This week is special, according to John Canally, economist and investment strategist for LPL Financial (LPLA). But not in a good way.
The reason? Too many meetings and too many issues.
For instance, there’s the FOMC gathering Tuesday and Wednesday.
“Eight times per year, the outcome of the Federal Reserve’s Federal Open Market Committee meeting becomes the focal point for market participants,” Canally said in his latest outlook report issued late Monday, “Mid-Spring Surprise.”
And four times each year, headlines focus on the health of the economy in the prior quarter, as measured by the Bureau of Economic Analysis’ report on gross domestic product.
“Similarly, at the start of each month, the Report on Business from the Institute for Supply Management (ISM) and the monthly labor market report from the U.S. Department of Labor are the centerpieces of any trading week,” Canally noted.
“Only eight times in over 14 years have the FOMC meeting, GDP report, ISM report, and the employment report — all often market-moving events — occurred in the same week,” he explained. “Historically, these weeks have exhibited 20% more volatility than an average week over this time span, as measured by the S&P 500 Index.”

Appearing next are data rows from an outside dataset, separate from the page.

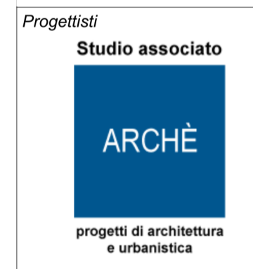
Tavola PR 01|02g

Gruppo di lavoro Studio associato ARCHÈ arch. Franco Resnati - arch. Fabio Massimo Saldini arch. Paolo Dell'Orto plan. Giorgio Limonta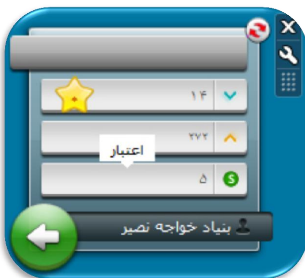
امکانات گجت ویندوز

با استفاده از این ابزار می‌توان گجت ویندوزی ارسال و دریافت پیامک را دانلود کرده و بر روی کامپیوتر نصب کرد. پس از نصب گجت، برای فعال‌سازی آن باید از نام کاربری و رمز عبور پنل کاربری استفاده شود. برای ارسال و دریافت از طریق گجت، کامپیوتر باید به اینترنت متصل باشد اما نیازی به ورود به سامانه نخواهد بود. گجت ویندوزی فقط روی ویندوزهای ویستا و ۷ قابل نصب و استفاده است.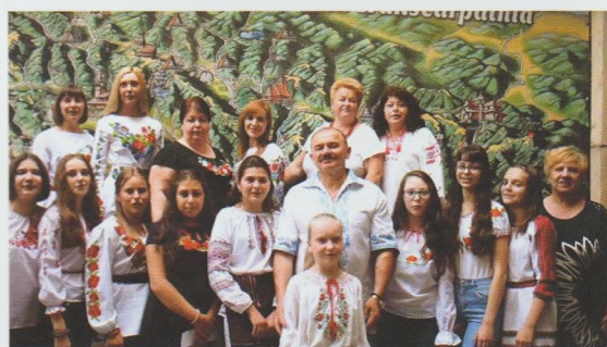
Міжрегіональний проект з профорієнтації учнівської молоді “ПрофіКемп”. Закарпатська ОДЮБ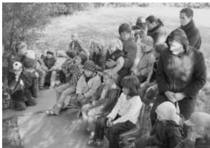
Aufmerksame Zuhörer bei der Michaeli-Geschichte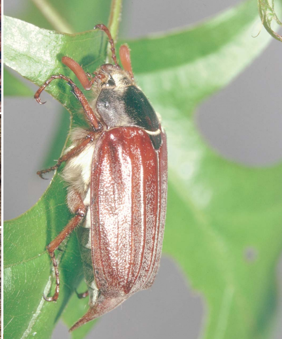
Œufs, larve, nymphe et adulte du Hanneton commun ( Melolontha melolontha )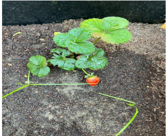
教師帶領學生進行食農教育課程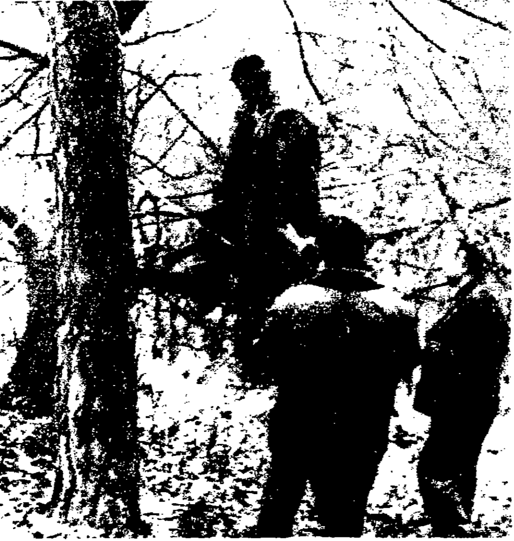
جناب كنع جرف برصاصي نائب رئيس الحكومة الكنعانية يستعرضها - مع ان عزته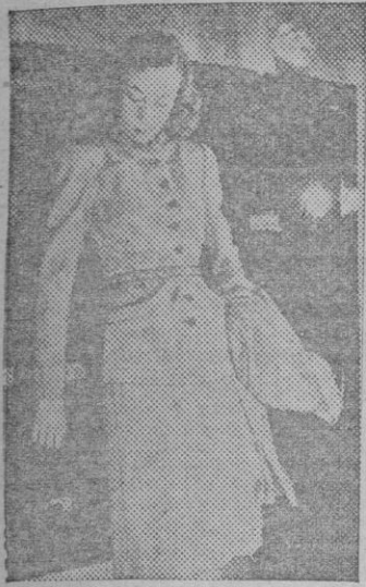
Traje chaqueta abotonado hasta el cuello y ceñido por un estrecho cinturón de cuero grabado. Se completa con un abrigo suelto del mismo tejido.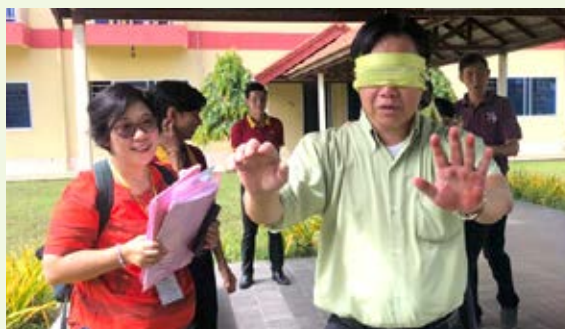
中華會省負責的團隊建設遊戲「明日之後」——尋找自己的夢想。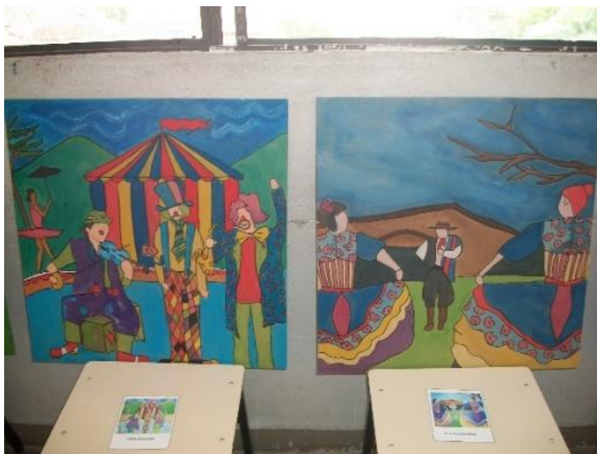
Figura 19 – Releitura de obras de Thaís Ibañez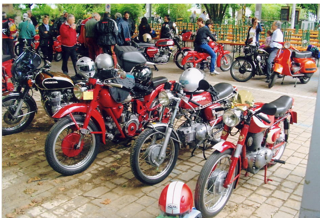
RITROVO A MANDELLO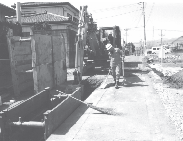
公共下水道区域拡大工事が進む長坂地区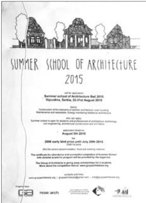
Slika 46. Letak za ljetnu školu arhitekture organizirane u Etno Didinoj kući u Baču.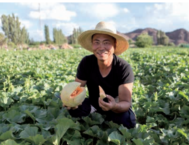
Корпорация и Китайский фонд борьбы с бедностью осуществляют проект «Интернет и борьба с бедностью», чтобы помочь фермерам уезда Баликун Синьцзяна продавать дыню через интернет

Активно откликаясь на «Повестку дня в области устойчивого развития на период до 2030 года» ООН и политические курсы правительства КНР по сокращению и ликвидации бедности, сосредоточиваясь на 4 основных сферах, а именно – благосостояние народа, производство, выявление умного потенциала и медицина, на основе сочетания своей деятельности с ресурсными и рыночными преимуществами конкретных регионов, Корпорация ведет целенаправленную работу по оказанию адресной помощи в целях стимулирования развития этих регионов. В 2018 году Корпорация направила 97,49 млн. юаней на осуществление 44 проектов по модернизации инфраструктуры, образованию, медицине и здравоохранению, производственной кооперации в 13 уездах (районах) СУАР, Тибета, Цинхая, Чунцина, Хэнань, Цзянси и Гуйчжоу, в результате чего более 80 тыс. человек получили реальную помощь.

In addition, in such weeks, the VIX (VIX) has been 4% higher than normal. “Add in the 139 S&P 500 companies expected to report earnings, and this week is unlikely to be just another boring mid-spring week for financial market participants,” Canally wrote.
(The Fed and FOMC will make a series of announcements on Wednesday, when GDP data will also be released; on Thursday, manufacturing figures will be reported; and employment figures are set to go public on Wednesday and Friday of this week.)
As if these events and statistics weren’t enough, there’s more: The markets “will digest U.S. vehicle sales for April, pending home sales for March, home prices for February, and key data in China (Purchasing Managers' Index for April) and Japan (housing starts and vehicle sales for April), along with the Bank of Japan’s monetary policy meeting,” the expert adds.
LPL Financial analysts, like other experts, expect the Fed to trim its bond purchases by $10 billion per month this year and “to remain on pace to exit quantitative easing by the end of 2014.”
They think interest rates will stay low for a “considerable time” after the QE program ends.
As for the next jobs report, it “will likely show that the economy barely expanded in the quarter, due in part to severe winter weather in much of the nation,” says Canally. “The FOMC will likely acknowledge this in the statement.”
Likewise, the figures for latest consumer spending, housing (residential investment), and business investment are expected to reflect the poor weather, too.
Looking at the full-year 2014, U.S. economic growth could accelerate to about 3% in 2014, the LPL economist says, after growing at less than 2% in 2013.
“Growth in 2013 was stifled by tax increases and spending cuts that added a material drag to the economy,” he concluded. “That drag fading, as well as solid business and consumer spending, should help to boost GDP this year.”